Kazik jednak nie za PiS. Prezes: przykro mi
Muzyk powiedział, że media nadinterpretowały jego słowa. Kiedy dziennikarze przekazali tę wiadomość Jarosławowi Kaczyńskiemu, ten powiedział: - To przykro mi w takim razie.
2011-09-27, 19:10
Podczas konferencji prasowej prezes PiS tłumaczył, że nigdy nie powiedział, iż Kazik Staszewski go popiera. Jego wypowiedź udzieloną w maju „Nowej Trybunie Opolskiej” przywołał podczas konwencji PiS dziękując za przedstawienie w wywiadzie rzetelnej oceny sytuacji w Polsce.
- Dziękuję słynnemu Kazikowi i wiem, że tak myślą miliony Polaków. Polacy zasługują na więcej – mówił wtedy.

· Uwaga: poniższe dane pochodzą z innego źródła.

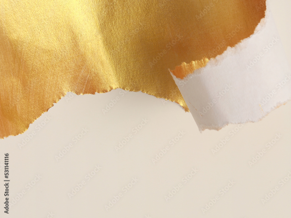 Gold torn empty pieces of texture paper on light beige copy space background.
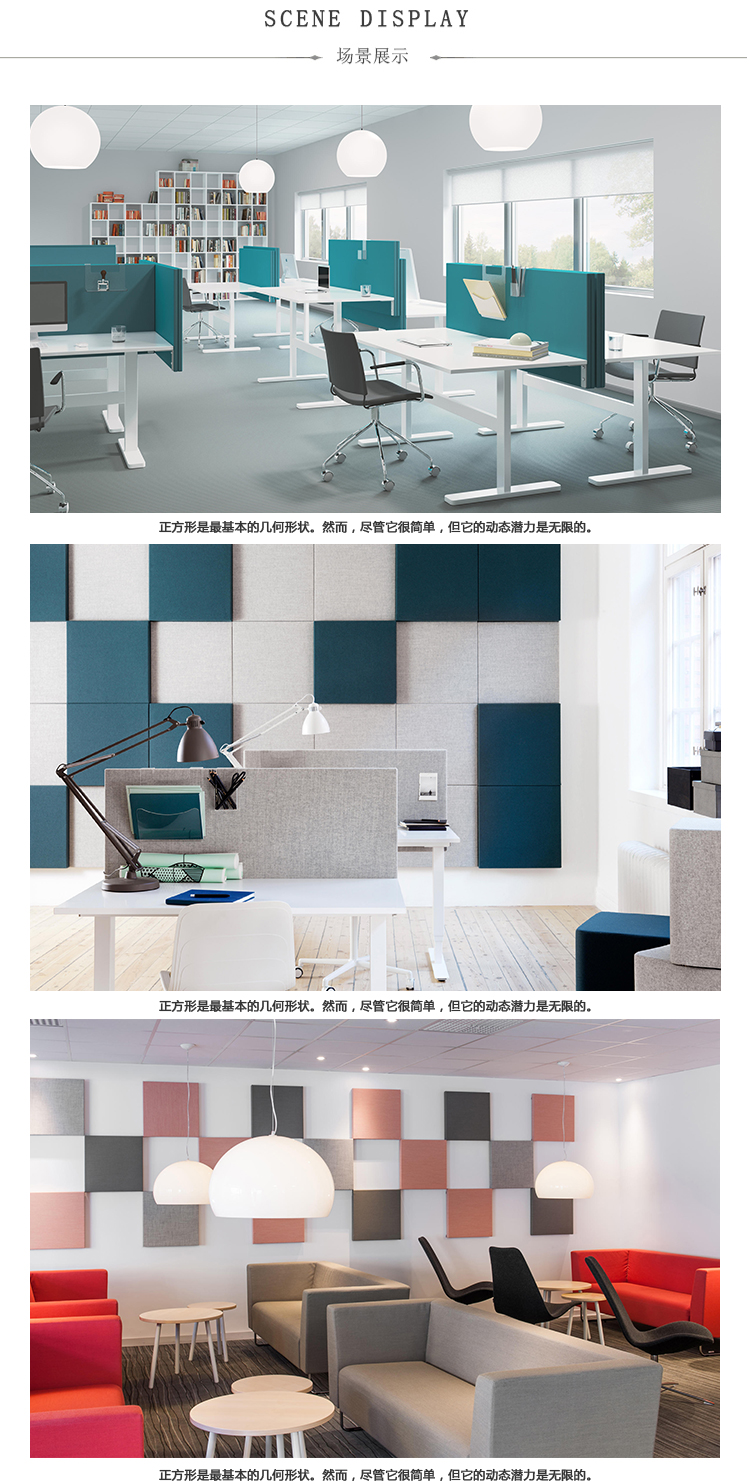 Soneo Wall提供具有吸音方块的功能性创意。由于其时尚,不引人注目的设计,它可以覆盖更大的墙壁区域,从而融入环境。可以使用Soneo Wall的颜色和相对定位创建令人兴奋的阵型。方形墙模块可以组合以创建不同的图案形式。每个模块包括安装在木框架上的吸音再生聚酯填料。两侧均采用布料。背面配有黑色面料作为标准配置。安装在钢制墙托架上。
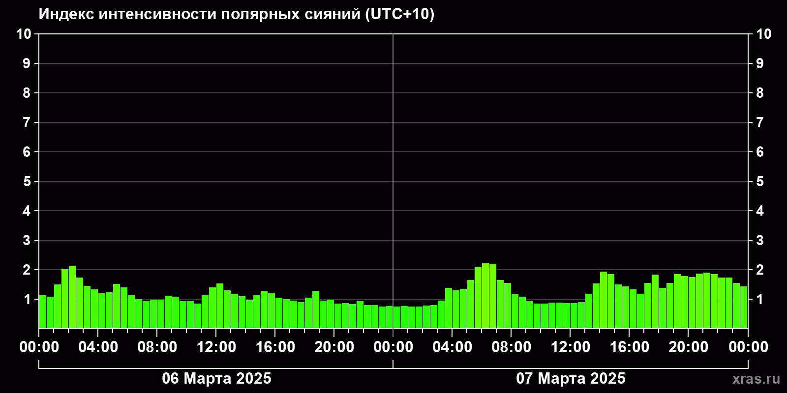 Изменения индекса интенсивности полярных сияний с 2025-03-06 по 2025-03-07 по местному времени
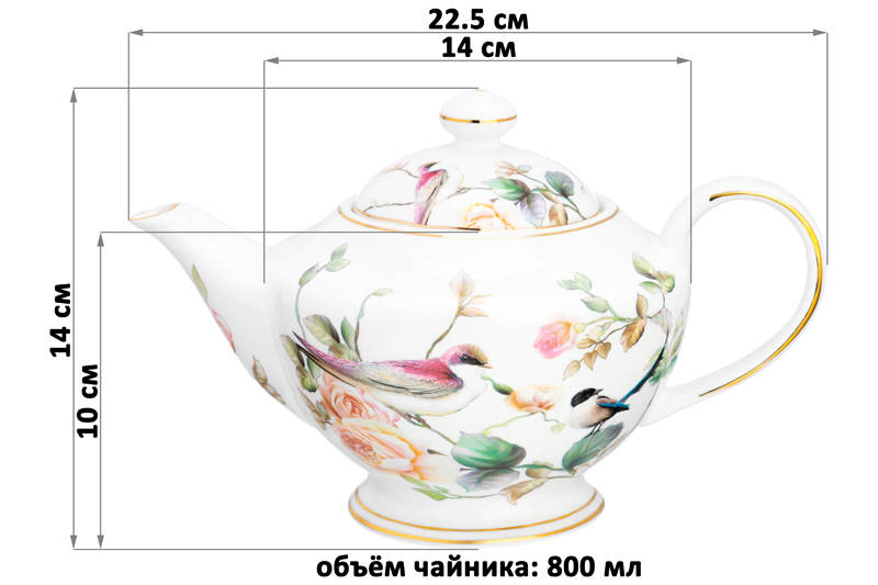 Чайник 800 мл 22,5*14*14 см "Певчие птички" NEW BONE CHINA

Lider grupy "Kult", gdy dotarły do niego słowa prezesa PiS sprostował swoją wypowiedź.
- Kilka dni temu dowiedziałem się, że jego brat (Jarosław Kaczyński) powołując się na ten wywiad mówi, iż popieram rządy PiS i za to poparcie mi dziękuje. Myślę, że to spora nadinterpretacja pana prezesa - pisze na swojej stronie internetowej muzyk.
REKLAMA
Kazik oświadczył, że nie popiera żadnego rządu i na wybory się nie wybiera, a całą sytuację nazwał „polityczną ruchawką”.